INPUT RECORDS:
⁂
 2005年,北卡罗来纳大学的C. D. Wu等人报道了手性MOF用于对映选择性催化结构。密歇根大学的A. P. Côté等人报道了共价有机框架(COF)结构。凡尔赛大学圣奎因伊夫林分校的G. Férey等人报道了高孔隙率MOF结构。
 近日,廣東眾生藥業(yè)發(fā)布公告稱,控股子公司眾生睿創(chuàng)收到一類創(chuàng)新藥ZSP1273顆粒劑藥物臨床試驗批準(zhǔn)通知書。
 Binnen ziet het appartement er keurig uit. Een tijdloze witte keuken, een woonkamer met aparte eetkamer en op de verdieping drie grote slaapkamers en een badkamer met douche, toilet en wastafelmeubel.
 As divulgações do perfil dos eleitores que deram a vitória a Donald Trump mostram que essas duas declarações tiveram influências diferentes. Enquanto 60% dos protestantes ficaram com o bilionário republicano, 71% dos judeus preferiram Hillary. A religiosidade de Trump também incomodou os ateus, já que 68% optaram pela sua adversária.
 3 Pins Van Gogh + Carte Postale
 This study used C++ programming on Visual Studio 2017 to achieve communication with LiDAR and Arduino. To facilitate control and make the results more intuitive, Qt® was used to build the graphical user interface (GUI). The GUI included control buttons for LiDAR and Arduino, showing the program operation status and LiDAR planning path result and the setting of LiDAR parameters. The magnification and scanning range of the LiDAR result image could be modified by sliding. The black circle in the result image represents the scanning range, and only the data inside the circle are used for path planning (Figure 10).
⁂
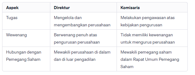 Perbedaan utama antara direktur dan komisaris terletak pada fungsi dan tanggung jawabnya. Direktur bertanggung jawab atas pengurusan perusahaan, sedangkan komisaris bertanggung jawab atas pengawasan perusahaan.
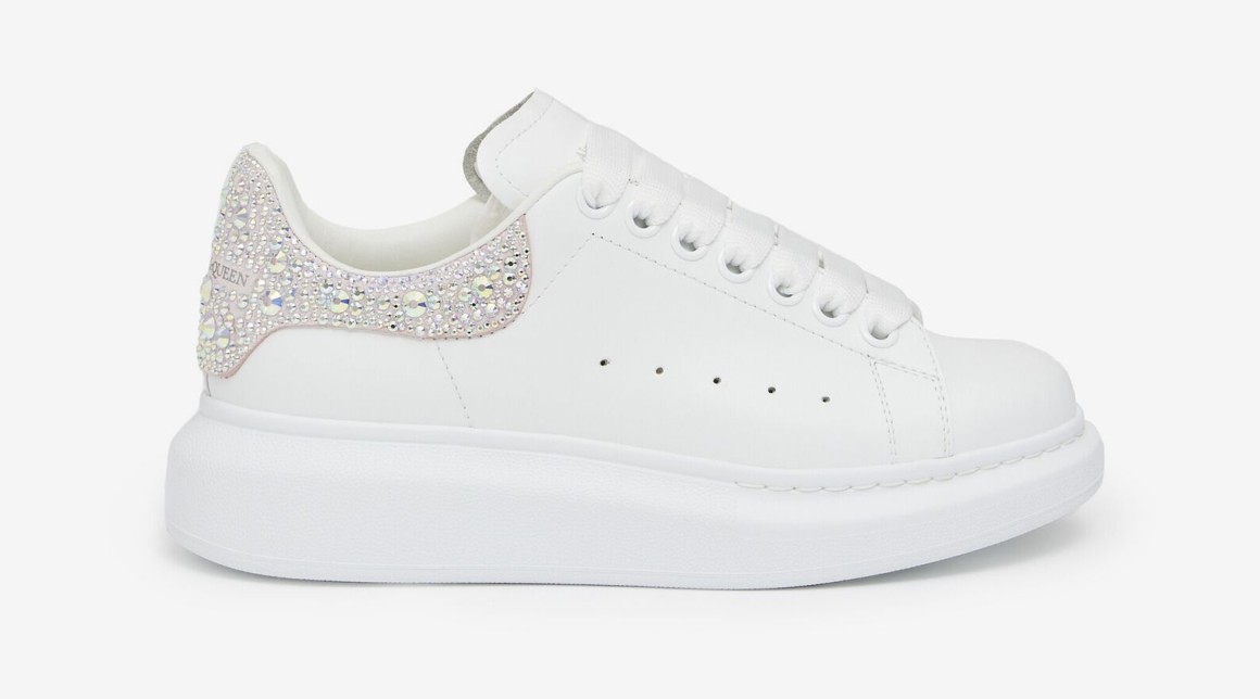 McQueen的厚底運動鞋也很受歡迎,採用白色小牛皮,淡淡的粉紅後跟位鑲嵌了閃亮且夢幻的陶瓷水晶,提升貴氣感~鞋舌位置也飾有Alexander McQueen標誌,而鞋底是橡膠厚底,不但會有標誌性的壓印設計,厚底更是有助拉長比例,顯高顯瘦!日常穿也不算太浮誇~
⁂
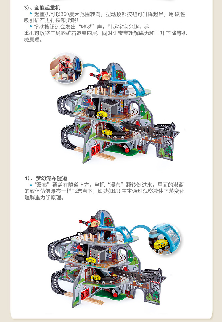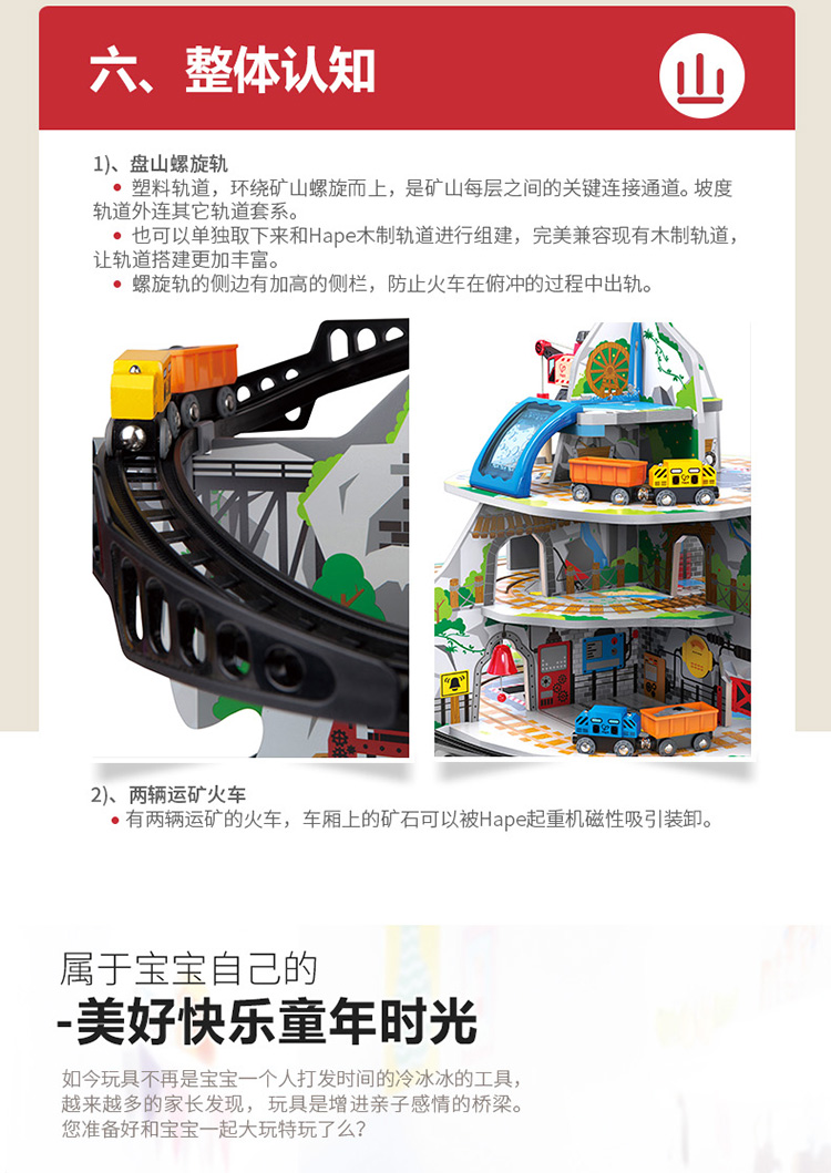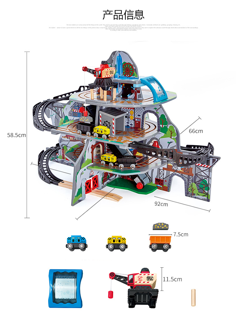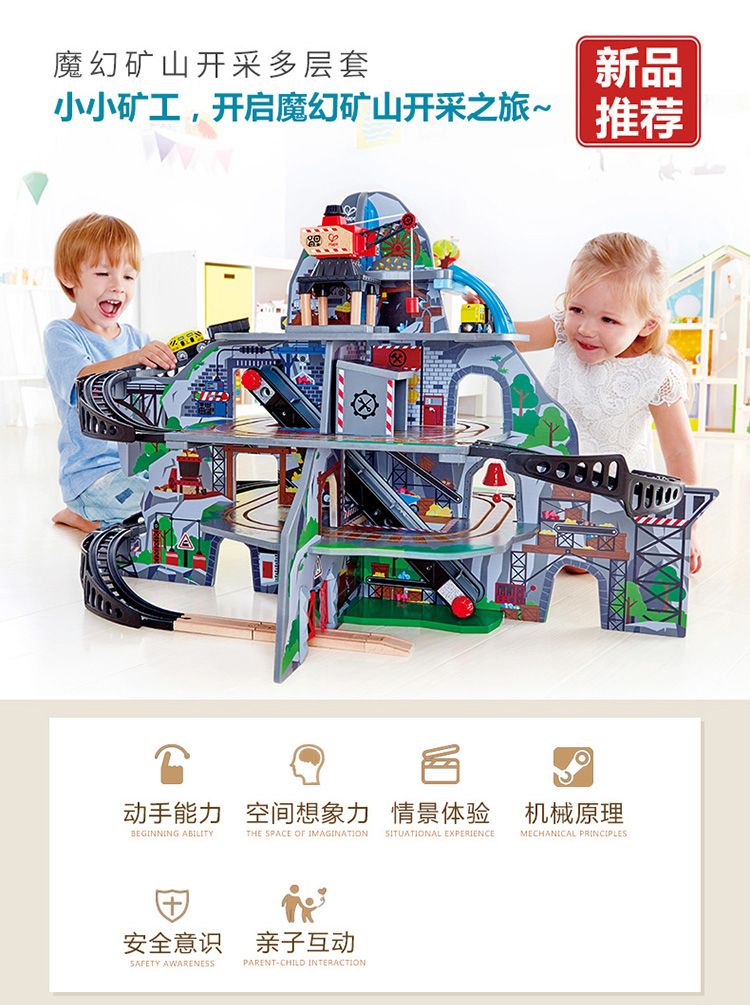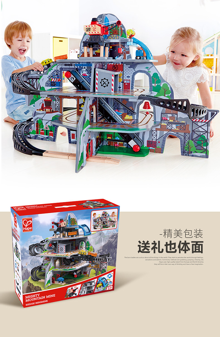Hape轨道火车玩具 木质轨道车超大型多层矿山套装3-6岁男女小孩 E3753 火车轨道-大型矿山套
⁂
ABOUT THIS EXERCISE: Look above for the line holding "2005年,北卡罗来纳大学的C. D. Wu等人报道了手性MOF用于对映选择性催化结构。密歇根大学的A.". Print it and every line after it, exactly, through the line holding "近日,廣東眾生藥業(yè)發".

EXERCISE RESULT:
 2005年,北卡罗来纳大学的C. D. Wu等人报道了手性MOF用于对映选择性催化结构。密歇根大学的A. P. Côté等人报道了共价有机框架(COF)结构。凡尔赛大学圣奎因伊夫林分校的G. Férey等人报道了高孔隙率MOF结构。
 近日,廣東眾生藥業(yè)發(fā)布公告稱,控股子公司眾生睿創(chuàng)收到一類創(chuàng)新藥ZSP1273顆粒劑藥物臨床試驗批準(zhǔn)通知書。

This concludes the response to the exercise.